The current known from the prior art method for producing a Schichtwärmeübertragers thus u. a. With regard to the base materials used or materials still wishes.

It is therefore an object of the invention to provide an improved method for producing a Schichtwärmeübertragers available.

This object is achieved by a method having the features of claim 1. Advantageous embodiments are the subject of the dependent claims.

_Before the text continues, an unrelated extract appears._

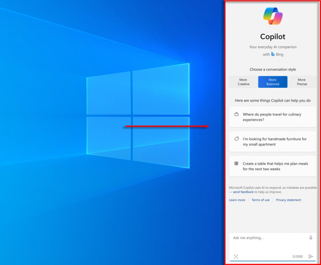 Copilot utilizes OpenAI’s ChatGPT to help you write emails, prepare document templates, and create images. To open Copilot, press the Windows key + C. You can then ask it to do whatever you want by typing a question or command into the text box at the bottom of the window.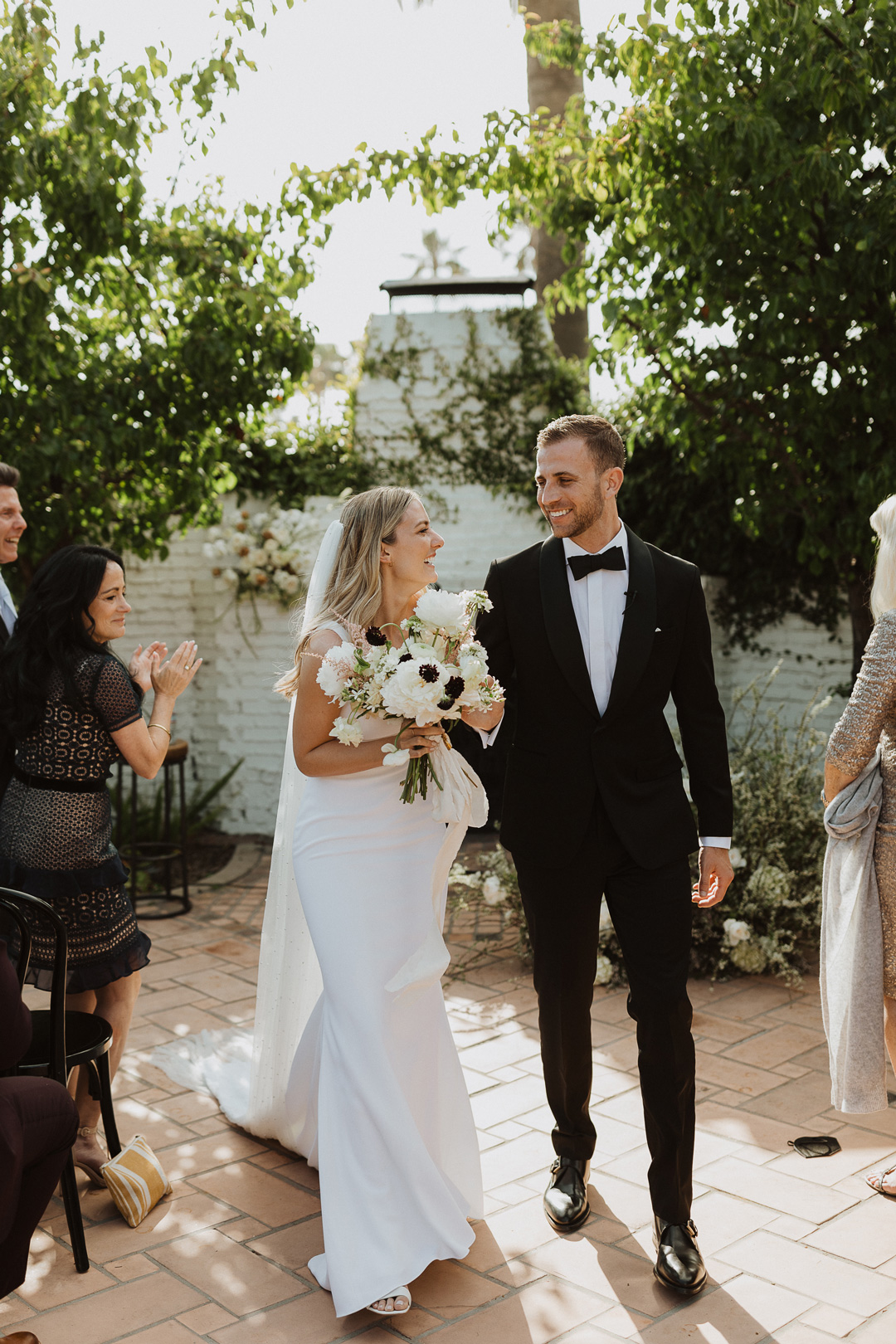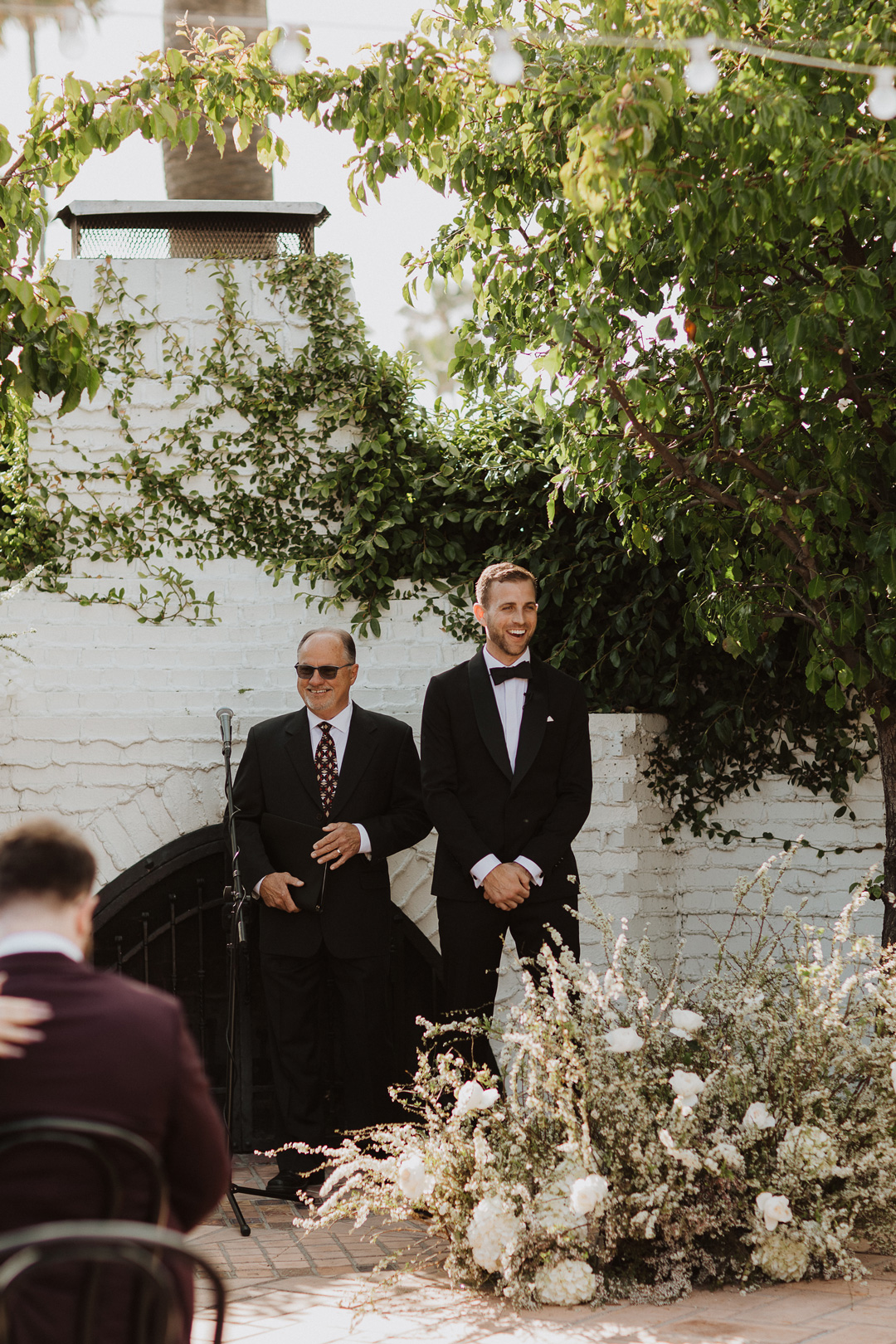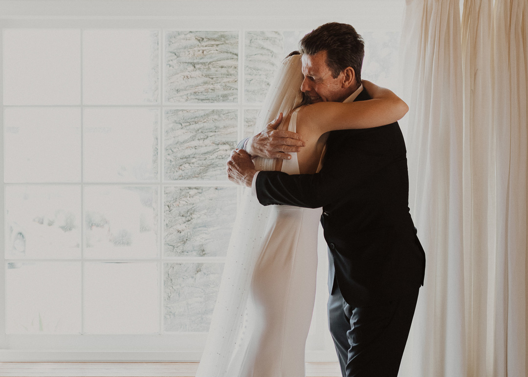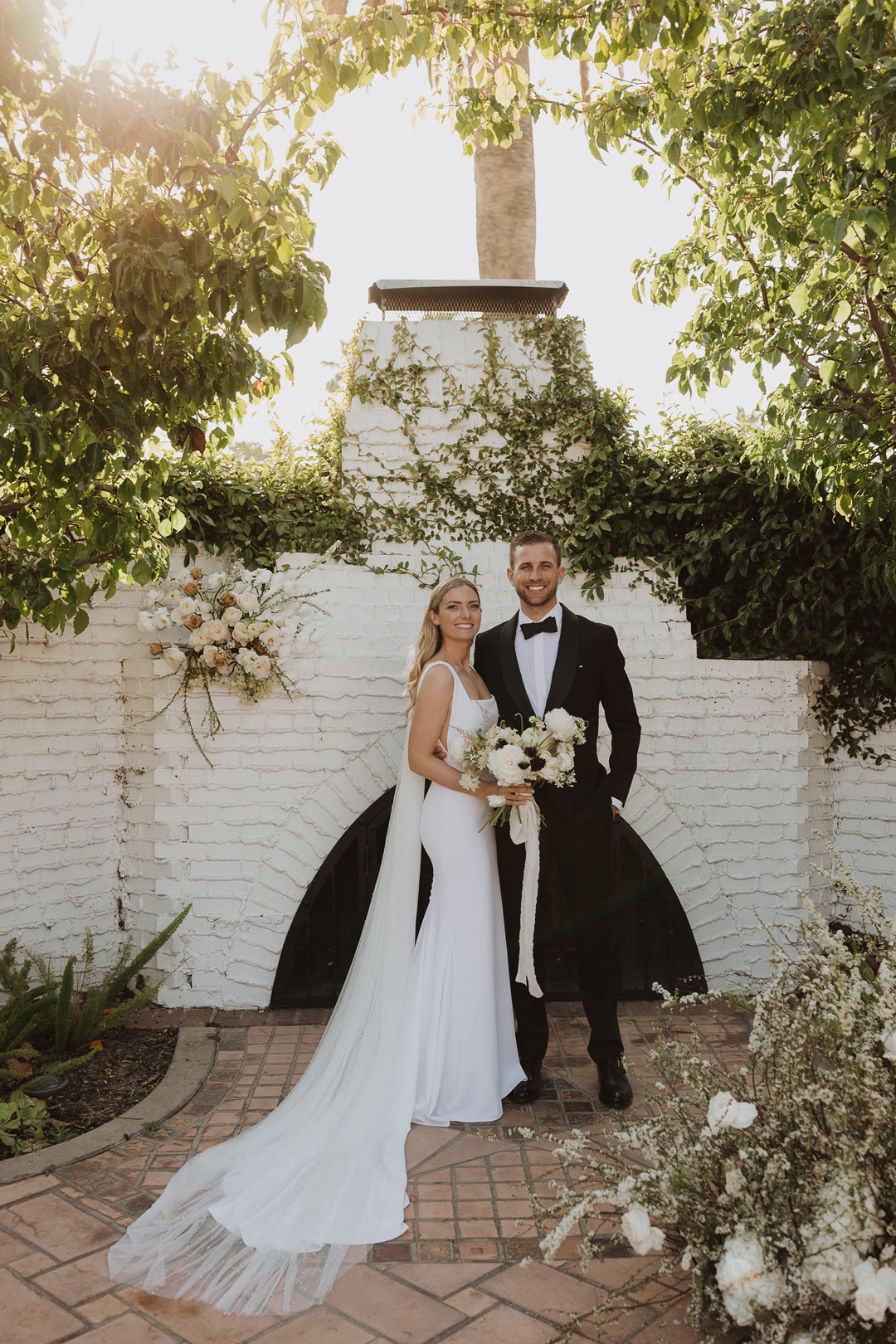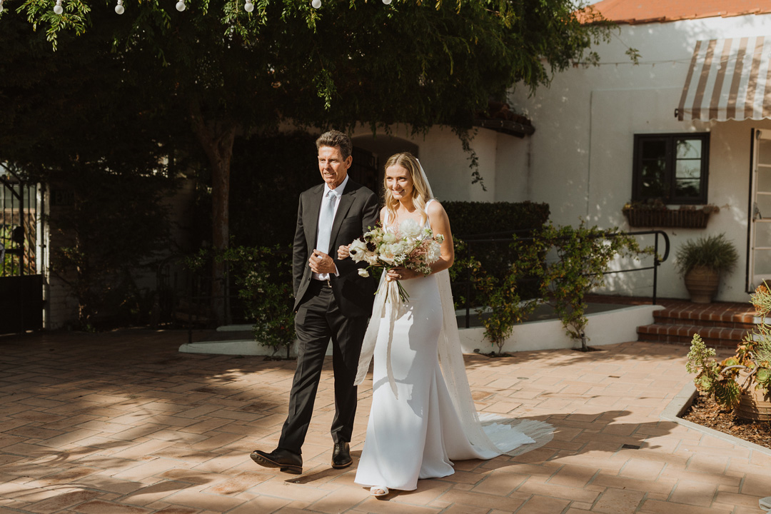 Toni and Andy were set to say “I do” in Italy in 2020, but when COVID had other ideas, this amazing couple pivoted and set their micro wedding date at The Casino San Clemente while still implementing aspects of the Italian countryside. White and toffee roses and meandering vines decorated the white brick fireplace outside on the Patio of the Stars and black chairs were perfectly lined up for guests. The bride, Toni, and her bridesmaids put the finishing touches on their looks inside the Brides Room and popped champagne while Andy and his groomsmen suited up in the West Wing. With help from her mom, Toni buttoned up the back of her classic crepe wedding dress, out on her pearl veil, and headed to her first look with her father. With a tap of the shoulder, her dad turned around and was stunned by his daughters beauty. The two went in for a warm embrace and exchanged sweet words before heading to the ceremony.

The inventive method for producing a Schichtwärmeübertragers provides for the use of a base material with a Ni content> 11 wt .-% and one, preferably free of metallic elements such as Cr, Ti or Ta, Al coating slurry, which is applied or filled and after drying of the coating sludge remaining in the layer heat exchanger in the sense of indiffusion of their Al content is heat treated in the surface to be covered. With regard to the base materials, it is known that in a functionally correct Alitieren on the surface of the material during Alitiervorgang initially nickel aluminides form, from which form in the oxidative atmosphere during operation aluminum-containing protective layers, for. Al2O3 and / or NiAl2O4 (see eg. H. Simon, M. Thoma: "Applied Surface Technology for Metallic Materials", Carl Hanser Verlag (1989) 126 ff. ). In the context of the present invention, it has been found that Ni does not have to be the dominant element on the surface of the base material, eg. B. in expensive Ni-base alloys. In the context of the present invention, however, it has proved to be advantageous if the base material has a minimum amount of Ni content of> 11 wt .-%. Additional elements in the coating slurry, such as Cr, Ti or Ta are not needed for the application of a Schichtwärmeübertragers in the periphery of a high-temperature fuel cell.

Preferably, the base material, for example, 1.4876 high-temperature stainless steel, a Ni content of about 30 wt .-%. The base material therefore still has the advantages of being readily available and good to weld and solder. In addition, he thus has the necessary for high temperature application heat resistance. For example, the method with the Al-Si slurry is also applicable to Ni-based or Co-based materials without departing from the spirit of the invention.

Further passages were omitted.